- _Assigned task_: These records contain pictures, which must be left out; copy exactly the lines from the one with "Banco De Mexico" up to and including the one with "7:45: Du khách".

Records contained in a dataset
####################

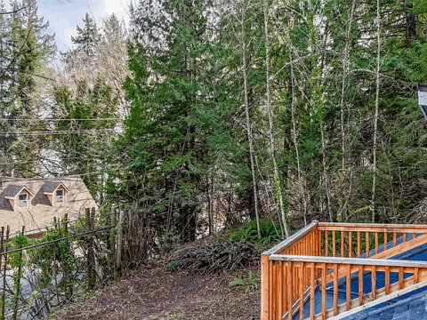 Add finished landscaping + deck in front yard for water view
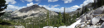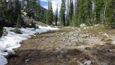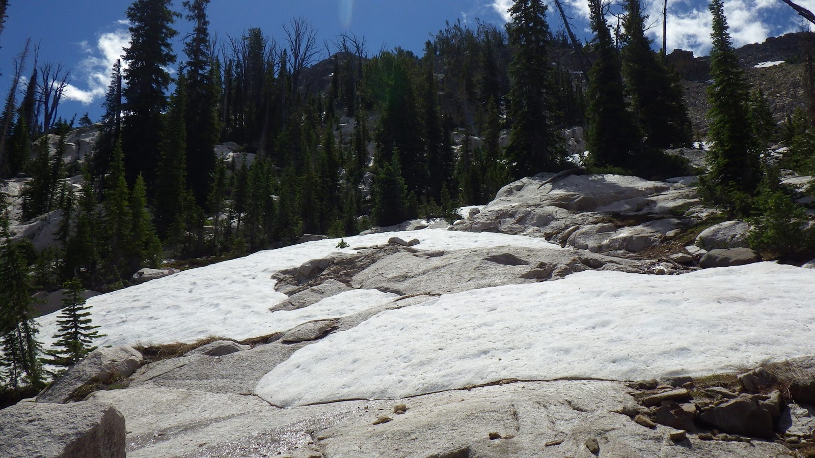 I could see Plummer Peak, but I couldn’t see the route that Ambrose said we were taking. We stopped a couple times to try and see the route. Much of the slope retained snow, but our path was supposedly behind a ridge so it wasn’t visible.
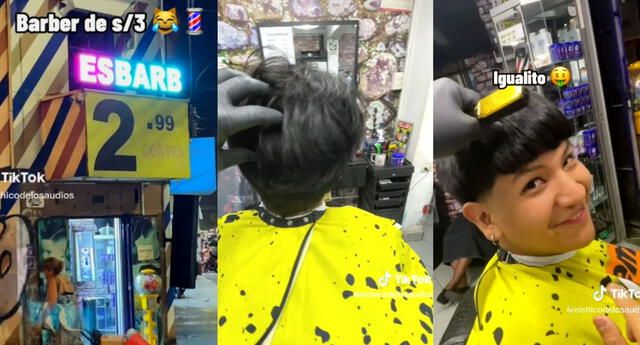 Al ver una tarifa tan económica no se resistió en acudir a esta barbería. En el clip compartido por el usuario elchicodelosaudio precisamente muestra cuando ingresa al establecimiento que tenía un letrero llamado "S/2.99 cada corte".
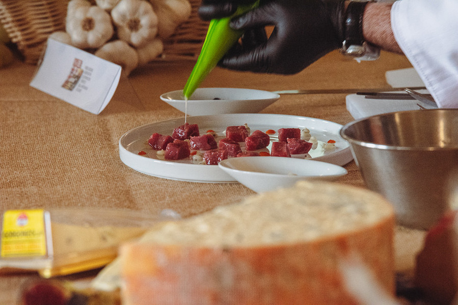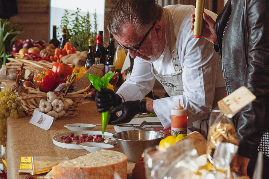 La preparazione del piatto, “Cubo di sottofiletto di Fassone con Peperone rosso di Cuneo, fonduta di Gorgonzola, crema di Aglio di Caraglio e scaglie di Grana”, è avvenuta nella sala di Ercole, mentre lo chef Camia illustrava i passaggi per la preparazione del piatto, la sua squadra, coordinata dalla figlia Elisabetta, sous chef, ha distribuito graditi assaggi al pubblico.
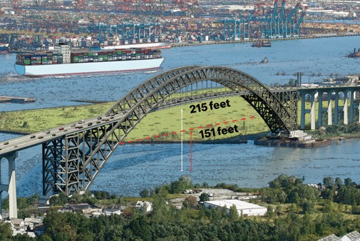 At high tide, 151 feet of empty air lies between the waters of the Kill Van Kull and the steel deck of the Bayonne Bridge. They may be the most consequential 151 feet in North America.
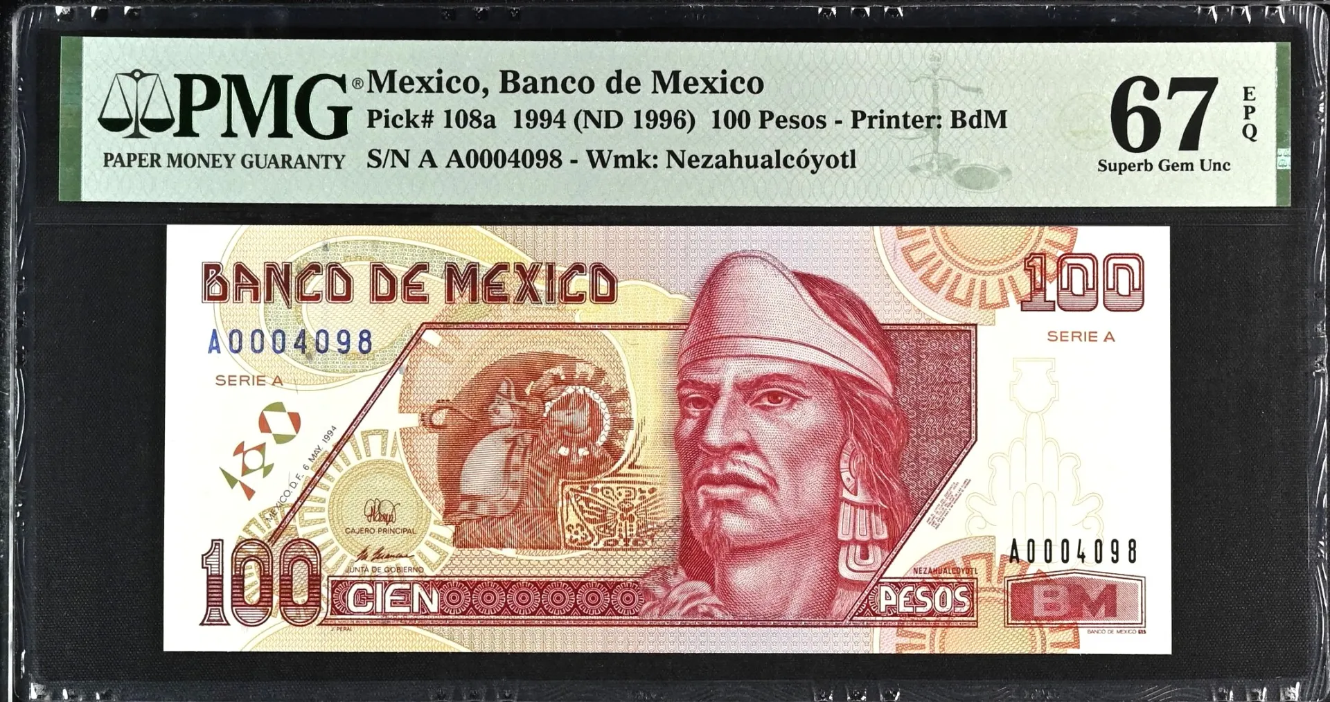 Banco De Mexico 100 Pesos 1994 Pick #108a PMG Superb Gem UNC67 EPQ f_35647
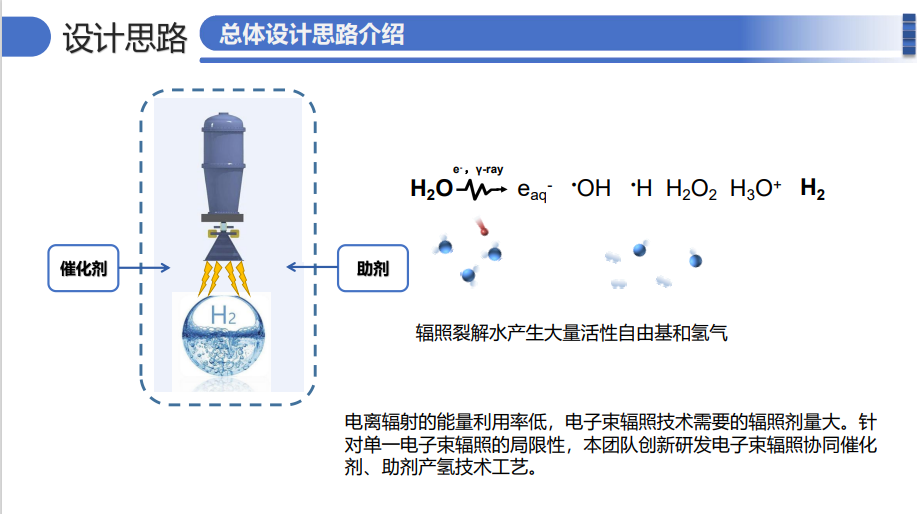 “辐光跃氢-电子束耦合新型催化剂协同制氢”由我院缪惠芳教授、曹留烜副教授担任指导老师,团队成员由周宇轩、雷雨电、麻诺文、邓雅兰、肖海鹏五名研究生组成。团队通过创新的辐照催化耦合工艺策略,使得辐照中自由基实现定向重组,极大得提升氢气产率,其新型材料克服了传统催化剂中对应用水层厚度的严格要求,能够实现常规水体系中的氢气产率提高近40倍的卓越性能;设计集装箱式可移动电子束制氢装置,具有高效的产氢率,可便携式移动,从根源上破除氢气运输难、储存难的问题。
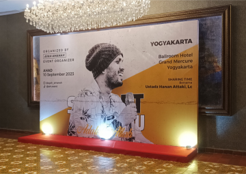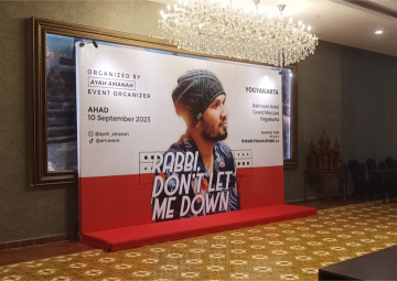 Jasa pembuatan dan pemasangan Backdrop Photobooth Event untuk panggung atau spot foto di Jogja.
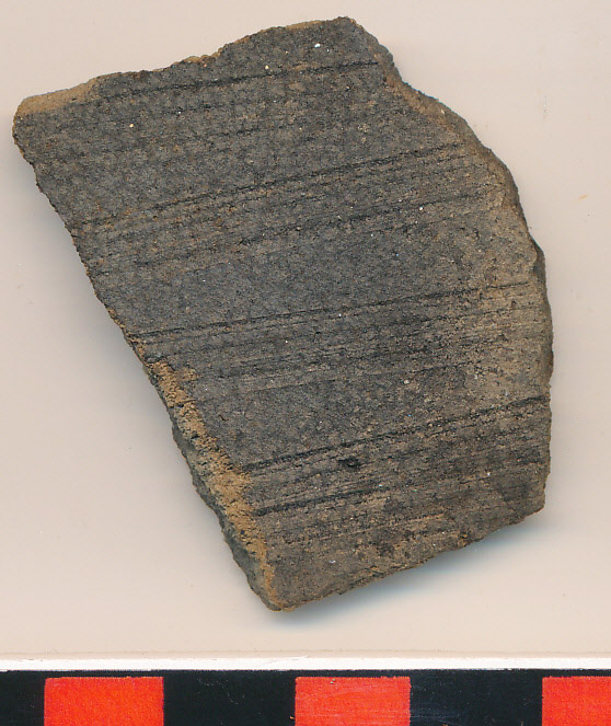 Szürkésfekete külső felületű, alatta barna réteggel, sötétszürke törésű, homokos anyagú, korongolt edény enyhén ívelt oldaltöredéke vízszintesen befésült sűrű vonalkötegekkel.
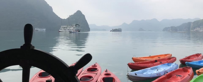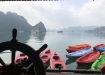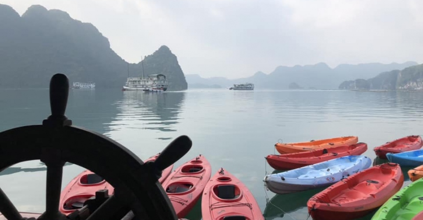 7:45: Du khách tham gia hoạt động giải trí chèo xuồng kayak, một trong những hoạt động thú vị nhất trên Vịnh Hạ Long.
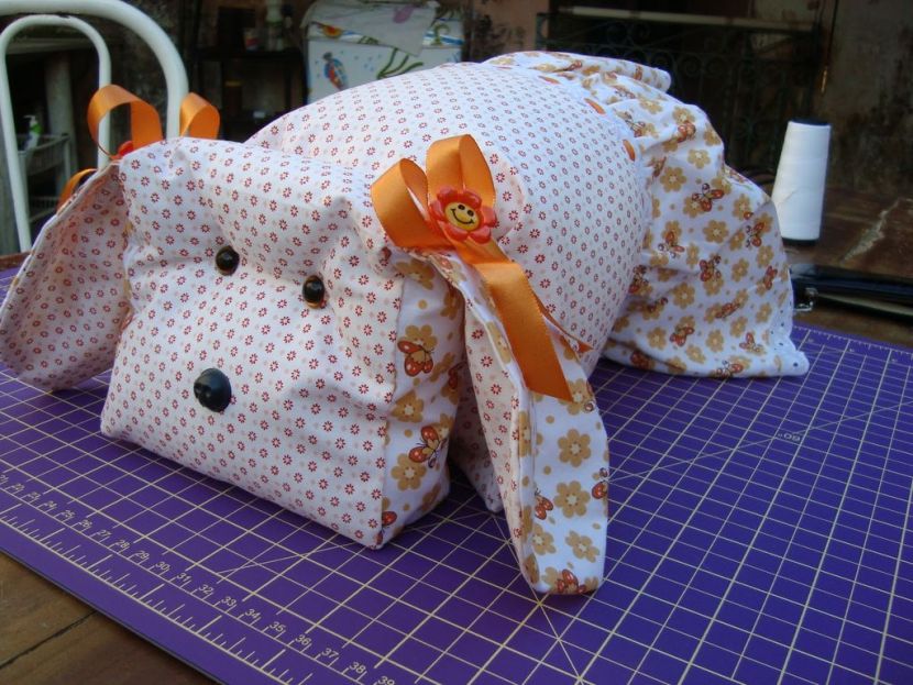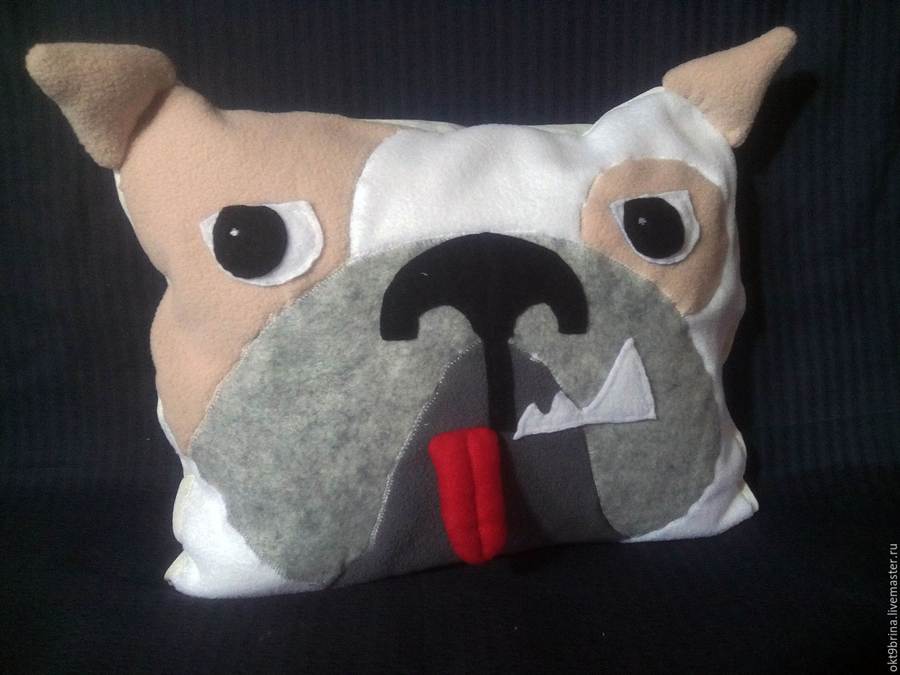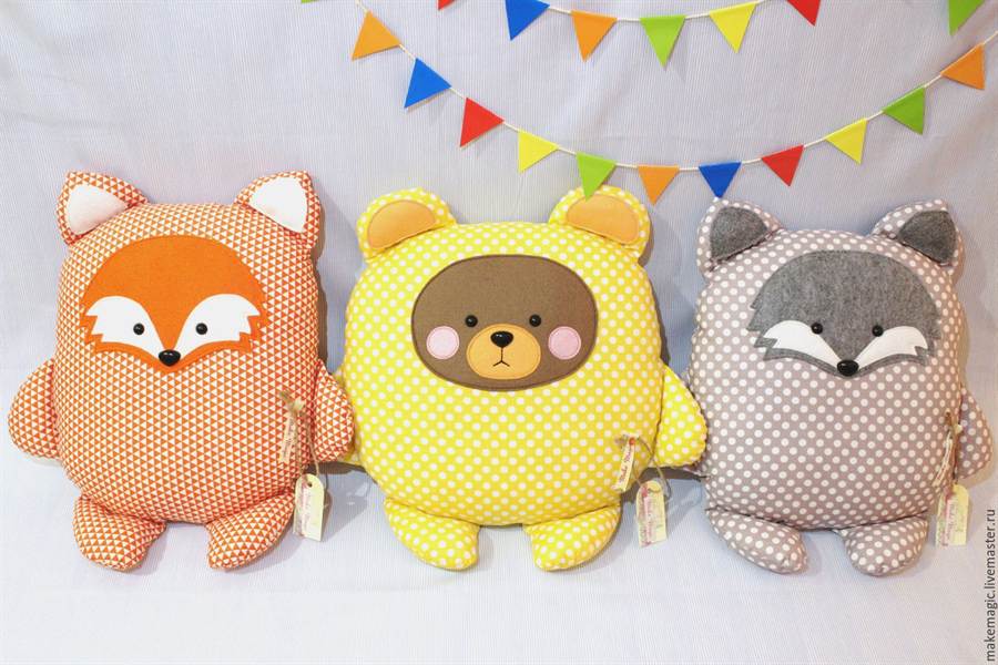 Подушку-игрушку можно делать и по простым выкройкам: квадратная подушка, декорированная под какого-нибудь зверька. Можно «обновить» уже имеющуюся подушку аппликациями из ткани (мордочка, глазки, усики) и дополнительными элементами (лапы, хвост), сделав ее игрушкой.
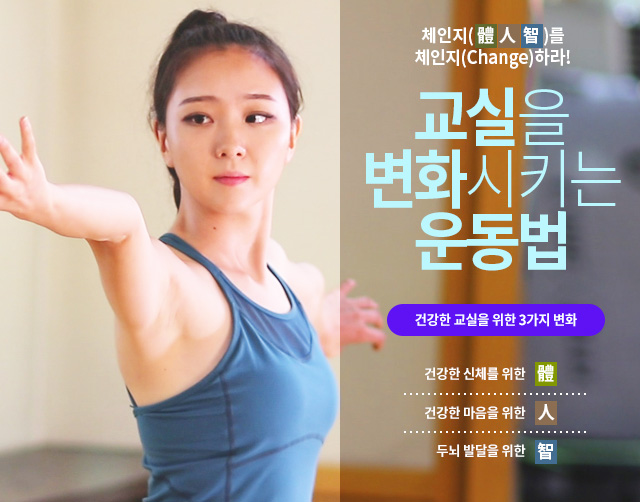 따라서 본 과정에서는 이 상황을 개선하기 위해 몸과 마음, 그리고 지식까지 챙길 수 있는 체인지(體人智) 운동법을 제시 하여 일상적인 쉽고 단순한 운동 동작을 통해서 교사의 몸과 마음의 건강 및 교실 안에서 많은 시간을 보내는 학생들도 운동을 통한 몸과 마음의 변화를 느낄 수 있도록 합니다. |
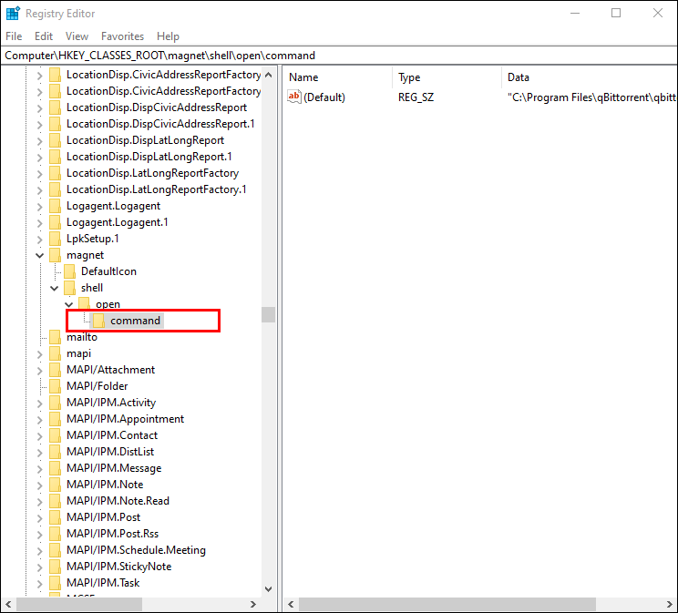 - The registry editor will now open in a new window. Scroll to the file location: \Computer\HKEY_CLASSES_ROOT\Magnet\shell\open\command

####################

- _Completed exercise_:
 Banco De Mexico 100 Pesos 1994 Pick #108a PMG Superb Gem UNC67 EPQ f_35647
 “辐光跃氢-电子束耦合新型催化剂协同制氢”由我院缪惠芳教授、曹留烜副教授担任指导老师,团队成员由周宇轩、雷雨电、麻诺文、邓雅兰、肖海鹏五名研究生组成。团队通过创新的辐照催化耦合工艺策略,使得辐照中自由基实现定向重组,极大得提升氢气产率,其新型材料克服了传统催化剂中对应用水层厚度的严格要求,能够实现常规水体系中的氢气产率提高近40倍的卓越性能;设计集装箱式可移动电子束制氢装置,具有高效的产氢率,可便携式移动,从根源上破除氢气运输难、储存难的问题。
 Jasa pembuatan dan pemasangan Backdrop Photobooth Event untuk panggung atau spot foto di Jogja.
 Szürkésfekete külső felületű, alatta barna réteggel, sötétszürke törésű, homokos anyagú, korongolt edény enyhén ívelt oldaltöredéke vízszintesen befésült sűrű vonalkötegekkel.
 7:45: Du khách tham gia hoạt động giải trí chèo xuồng kayak, một trong những hoạt động thú vị nhất trên Vịnh Hạ Long.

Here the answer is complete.